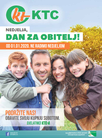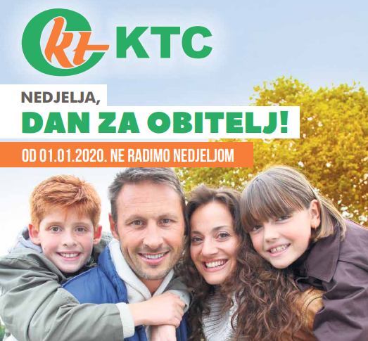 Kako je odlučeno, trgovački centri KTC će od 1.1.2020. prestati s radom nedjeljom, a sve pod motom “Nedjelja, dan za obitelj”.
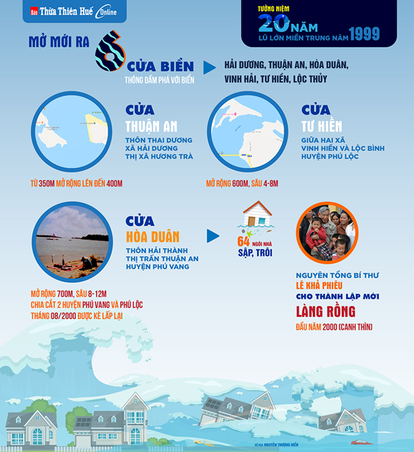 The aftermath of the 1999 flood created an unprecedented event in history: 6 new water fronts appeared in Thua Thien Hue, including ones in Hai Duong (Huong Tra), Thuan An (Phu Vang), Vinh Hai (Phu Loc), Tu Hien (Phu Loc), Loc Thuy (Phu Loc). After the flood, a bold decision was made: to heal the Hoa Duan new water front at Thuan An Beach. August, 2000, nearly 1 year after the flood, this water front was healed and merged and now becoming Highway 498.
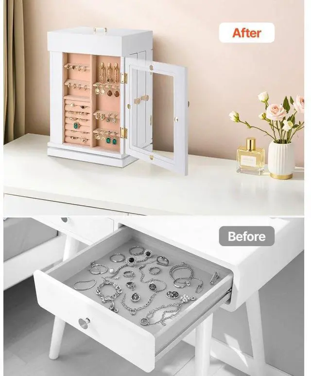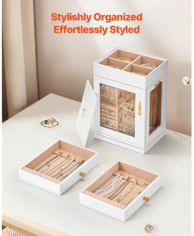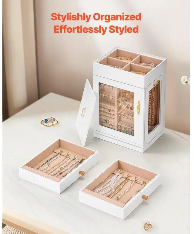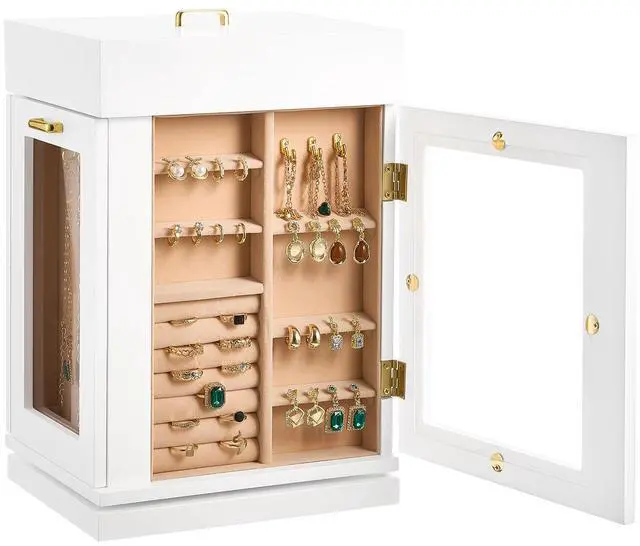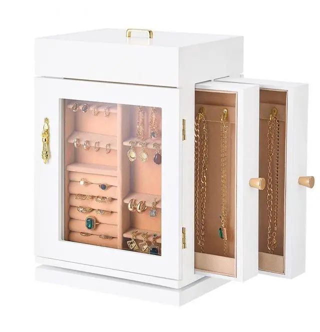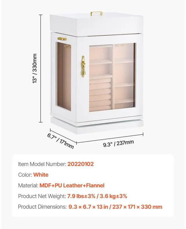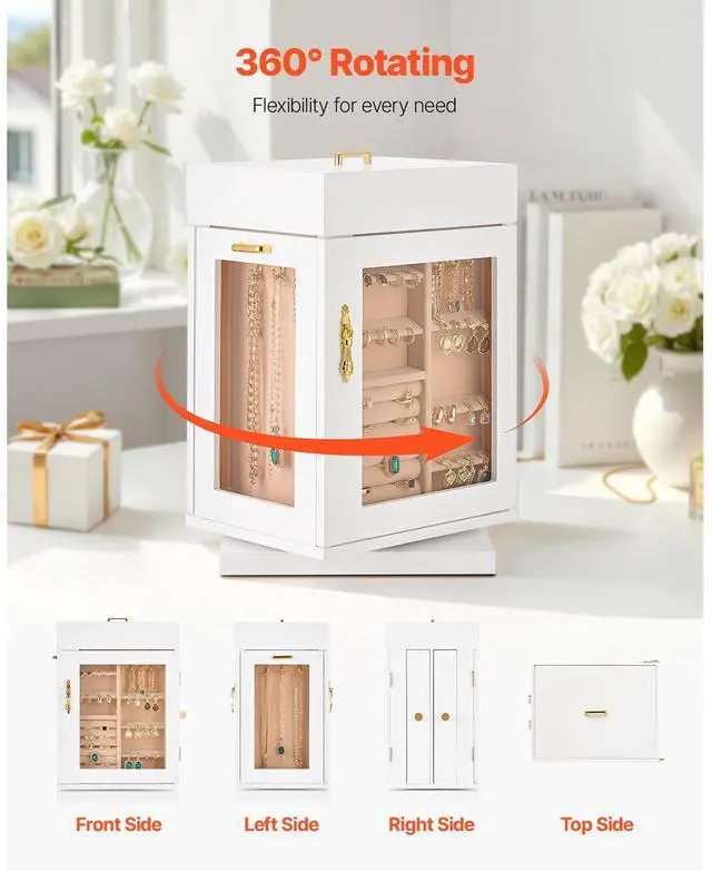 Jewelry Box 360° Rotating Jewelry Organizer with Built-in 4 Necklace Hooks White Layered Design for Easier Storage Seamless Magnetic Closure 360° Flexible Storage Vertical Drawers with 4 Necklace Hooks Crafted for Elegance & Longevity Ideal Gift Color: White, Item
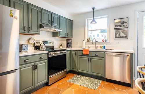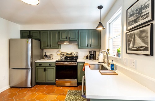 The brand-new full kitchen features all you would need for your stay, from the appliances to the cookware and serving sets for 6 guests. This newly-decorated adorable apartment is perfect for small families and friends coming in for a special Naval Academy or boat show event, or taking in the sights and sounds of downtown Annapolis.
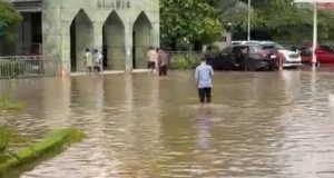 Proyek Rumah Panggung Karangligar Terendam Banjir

☆ ☆ ☆ ☆ ☆ ☆ ☆

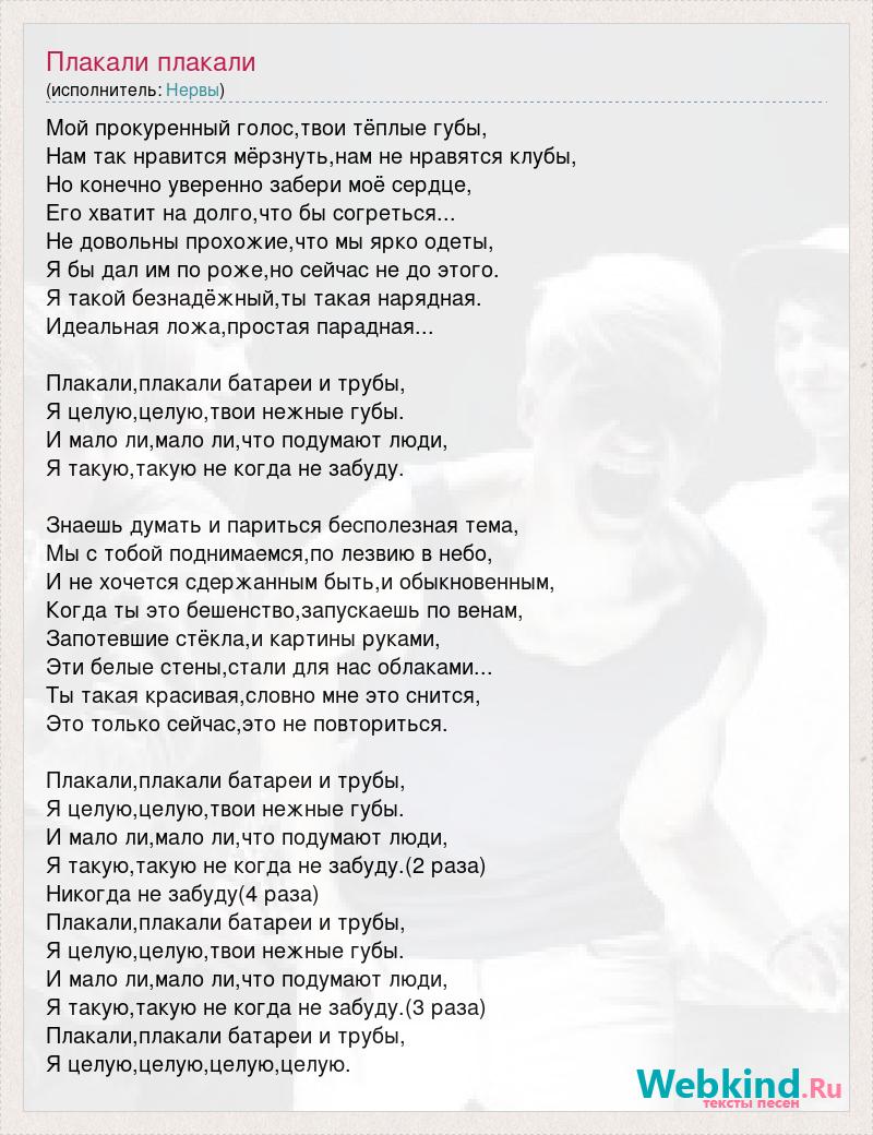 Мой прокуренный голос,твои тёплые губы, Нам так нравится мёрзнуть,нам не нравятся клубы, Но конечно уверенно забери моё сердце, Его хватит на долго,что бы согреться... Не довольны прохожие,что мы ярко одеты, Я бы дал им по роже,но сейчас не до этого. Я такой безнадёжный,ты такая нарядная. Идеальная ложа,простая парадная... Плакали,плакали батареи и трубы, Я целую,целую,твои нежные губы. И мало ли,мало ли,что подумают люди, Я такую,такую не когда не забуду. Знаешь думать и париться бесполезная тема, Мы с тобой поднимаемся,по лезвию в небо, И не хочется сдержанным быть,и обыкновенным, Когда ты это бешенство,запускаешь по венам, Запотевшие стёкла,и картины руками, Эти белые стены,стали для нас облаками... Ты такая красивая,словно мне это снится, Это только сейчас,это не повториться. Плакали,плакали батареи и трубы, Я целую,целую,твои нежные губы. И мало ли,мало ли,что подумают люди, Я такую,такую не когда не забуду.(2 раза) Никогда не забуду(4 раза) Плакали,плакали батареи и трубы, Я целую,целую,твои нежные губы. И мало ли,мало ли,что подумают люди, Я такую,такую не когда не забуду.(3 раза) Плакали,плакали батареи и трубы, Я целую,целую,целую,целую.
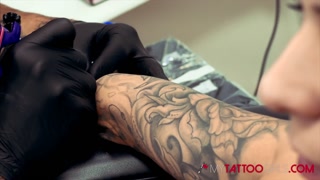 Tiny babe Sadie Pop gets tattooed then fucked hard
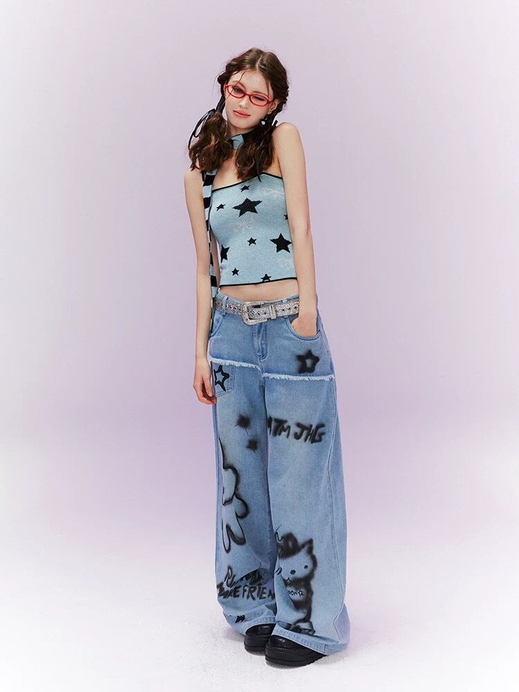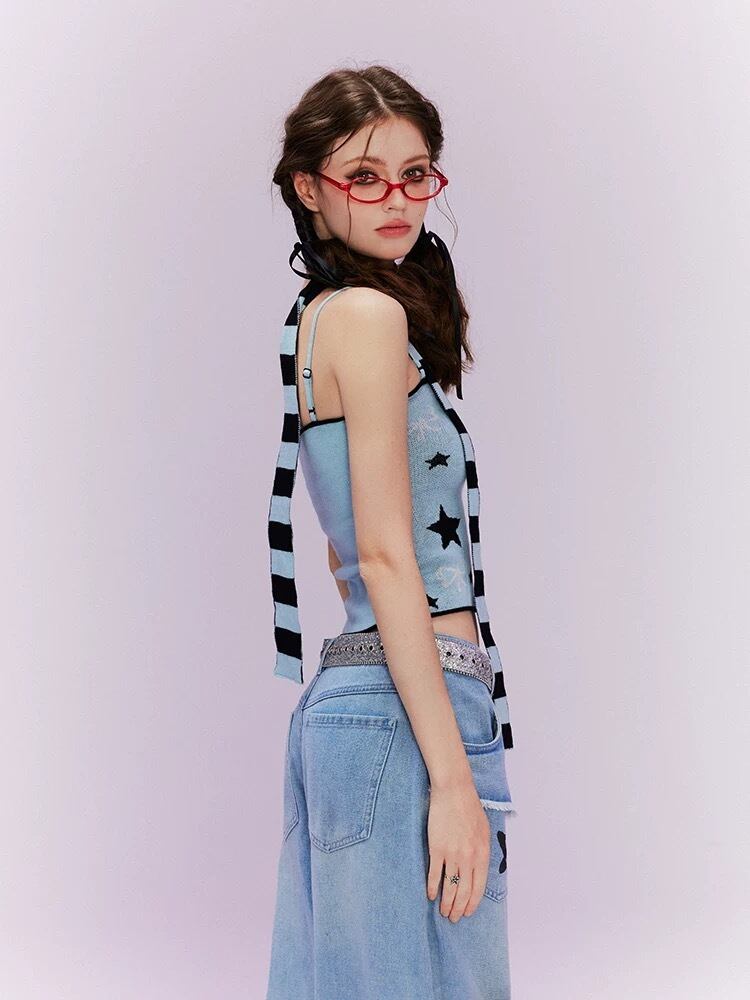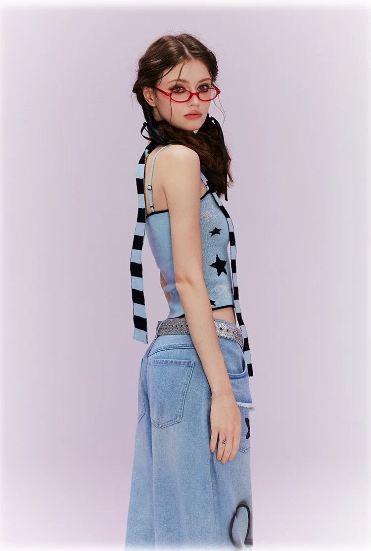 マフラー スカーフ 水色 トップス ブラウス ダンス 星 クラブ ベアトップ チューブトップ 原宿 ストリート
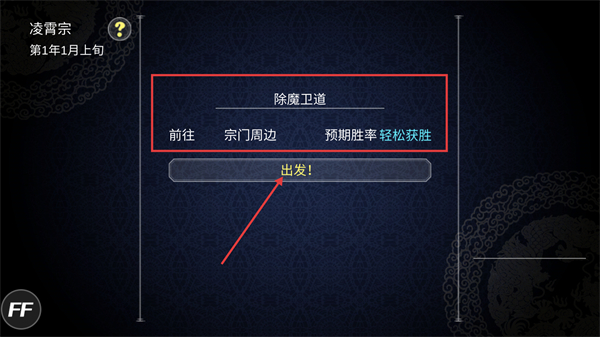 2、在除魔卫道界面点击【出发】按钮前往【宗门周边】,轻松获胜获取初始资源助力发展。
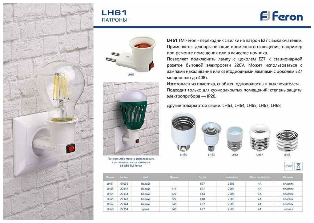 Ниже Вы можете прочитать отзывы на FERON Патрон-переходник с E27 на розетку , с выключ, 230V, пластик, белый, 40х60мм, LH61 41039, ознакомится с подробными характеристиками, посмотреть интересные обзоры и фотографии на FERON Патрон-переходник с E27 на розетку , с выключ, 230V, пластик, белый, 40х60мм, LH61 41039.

☆ ☆ ☆ ☆ ☆ ☆ ☆

Task prompt » Copy word for word the lines of the records above from the one with "Tiny babe Sadie" up to and including the one with "Ниже Вы можете". Skip the pictures.

Reply to the task »
 Tiny babe Sadie Pop gets tattooed then fucked hard
 マフラー スカーフ 水色 トップス ブラウス ダンス 星 クラブ ベアトップ チューブトップ 原宿 ストリート
 2、在除魔卫道界面点击【出发】按钮前往【宗门周边】,轻松获胜获取初始资源助力发展。
 Ниже Вы можете прочитать отзывы на FERON Патрон-переходник с E27 на розетку , с выключ, 230V, пластик, белый, 40х60мм, LH61 41039, ознакомится с подробными характеристиками, посмотреть интересные обзоры и фотографии на FERON Патрон-переходник с E27 на розетку , с выключ, 230V, пластик, белый, 40х60мм, LH61 41039.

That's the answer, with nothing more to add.